Da quell'anno ci siamo visti un po' più spesso, abbiamo avuto più occasioni di discussione. Nel 1990 abbiamo partecipato assieme alla WorldCon olandese.
I contatti si sono intensificati con l'esplosione di Internet. Ci siamo ritrovati sulla medesima lista di posta, poi a collaborare con "Delos", e i primi rari contatti epistolari si sono fatti più intensi.
Auspice spesse volte Curtoni (un altro amico ritrovato per merito di Internet) gli incontri fisici si sono fatti più frequenti, specie dopo che Vikkor ha deciso di ritirarsi dal lavoro e di dedicarsi alla letteratura.
Se con la letteratura, magari di fantascienza, fosse stato possibile mantenersi in modo dignitoso, Vittorio avrebbe avuto tutti i titoli per sceglierla come professione. Ma con la fantascienza non si campa.
Nonostante ciò ha affrontato sempre in modo molto professionale le sue iniziative in favore della fantascienza. Se esiste un "polo pugliese", molto del merito va a lui (e all'inseparabile amico Ragone; spesso li pensavo come un tutto unico).
Grazie al suo interessamento, la fantascienza è di casa sulla "Gazzetta del Mezzogiorno" - quotidiano del Sud, stampato a Bari - ma non solo. Nel corso degli anni ha fatto pubblicare (e retribuire, se non erro) molti italiani più o meno famosi e ha dato spazio a diversi illustratori del fantastico.
Le possibilità organizzative al Sud sono sempre state modeste (per preparare anche un piccolo incontro, occorrono pur sempre un minimo di risorse economiche o l'interesse delle amministrazioni locali), e l'organizzazione di una ItalCon a Bari continua a rimanere un sogno.
Vittorio oltre che un buon scrittore (con punte di ottimo) è un notevole divulgatore scientifico, che utilizza spesso la fantascienza come mezzo. I suoi raccontini (alcuni dei quali sono stati raccolti dall'autore in Accadde… domani) tuttora pubblicati sulla "Gazzetta" sono estrapolazioni di scoperte scientifiche o situazioni sociali che presuppongono la necessità di documentarsi. E nonostante non abbia una formazione scientifica, tratta i fatti della scienza con estrema competenza.
È anche ecologista convinto ed ha affrontato i temi della natura nel modo che gli è più congeniale: fantascientificamente.

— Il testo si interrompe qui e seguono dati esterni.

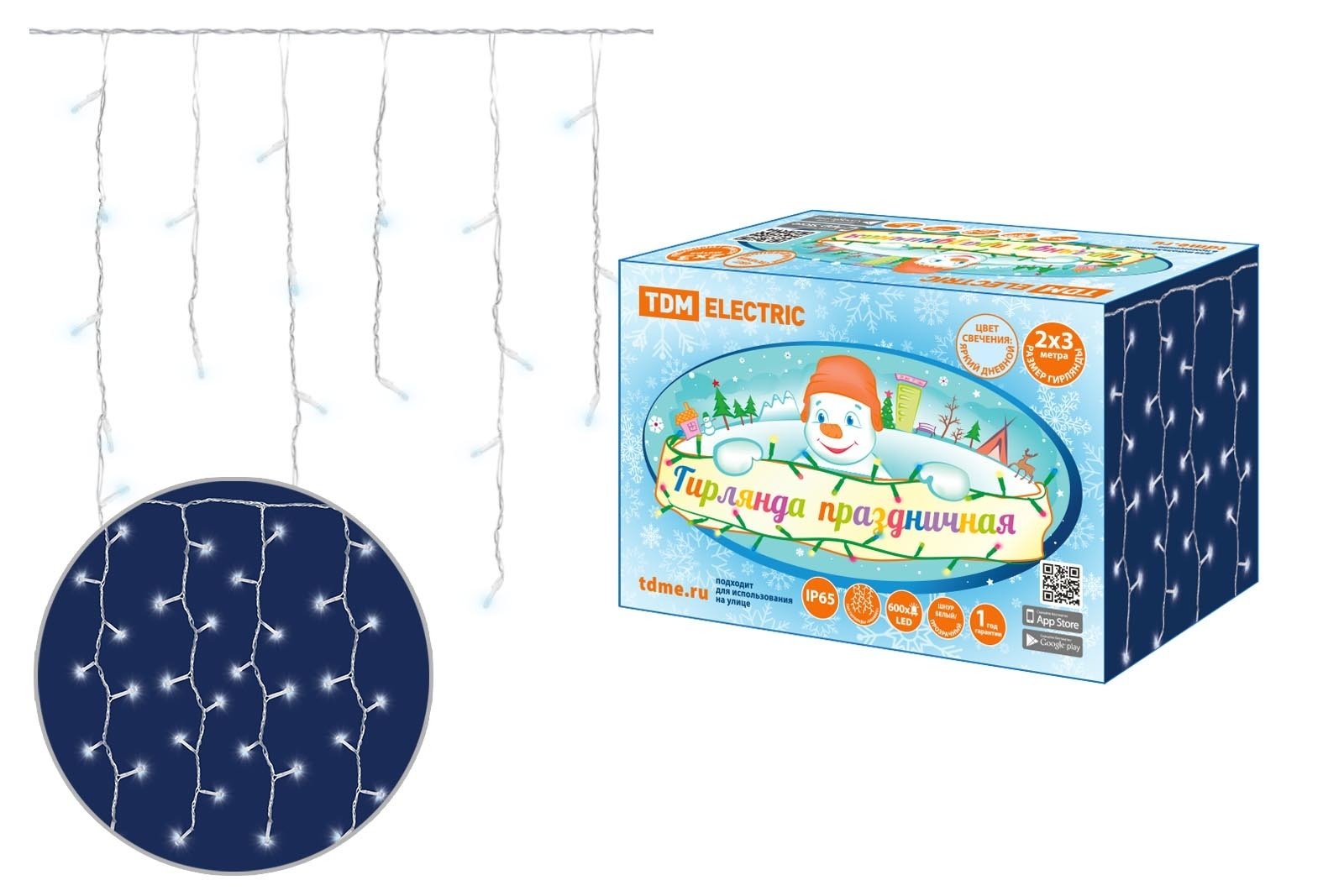 Гирлянда светодиодная "Занавес" 2х3м, 600LED, 6500К, бел. шнур, посл. подкл, IP65, 250 В, TDM

Ha scritto un solo romanzo, Gli universi di Moras, vincitore del primo Premio Urania e che dovrebbe, se l'editore non ha cambiato idea, essere ristampato a breve.

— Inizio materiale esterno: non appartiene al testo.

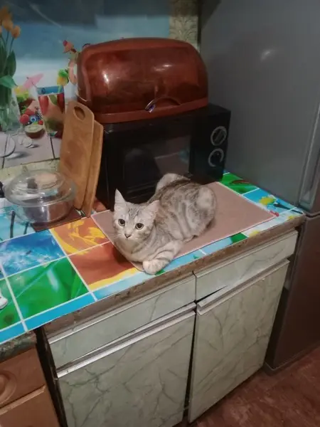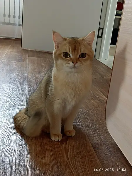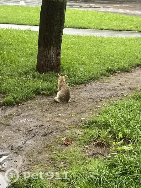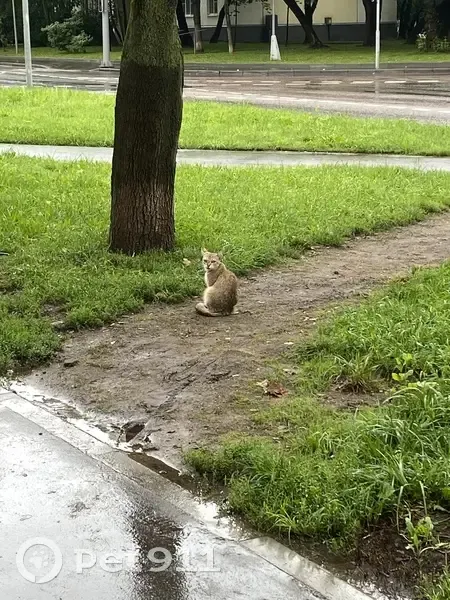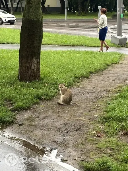 Замечен кошка. По повадкам домашняя. Грустная, мяучит, смотрит в глаза. Напугана, далеко от дома не отходит. Впервые была замечена 31.07.

È un'opera che si legge ancora adesso con interesse, anche se alcune precisazioni e una revisione sarebbero auspicabili. Vittorio ha delle idee buone e sempre nuove, cosa rara in un panorama che vede spesso ripetere all'infinito la stessa trovata.
Le sue conferenze sono sempre un piacere. Non solo vogliono dire, e lo dicono, qualcosa (non capita a tutti; certuni parlano per ore senza dire niente), ma sono brillantemente "recitate". Sono, più o meno in piccolo, veri spettacoli intelligenti.
Con tutti questi pregi è un vero peccato che non la pensi come me, ma d'altra parte il mondo sarebbe un luogo noioso (che banalità) se tutti la pensassimo allo stesso modo.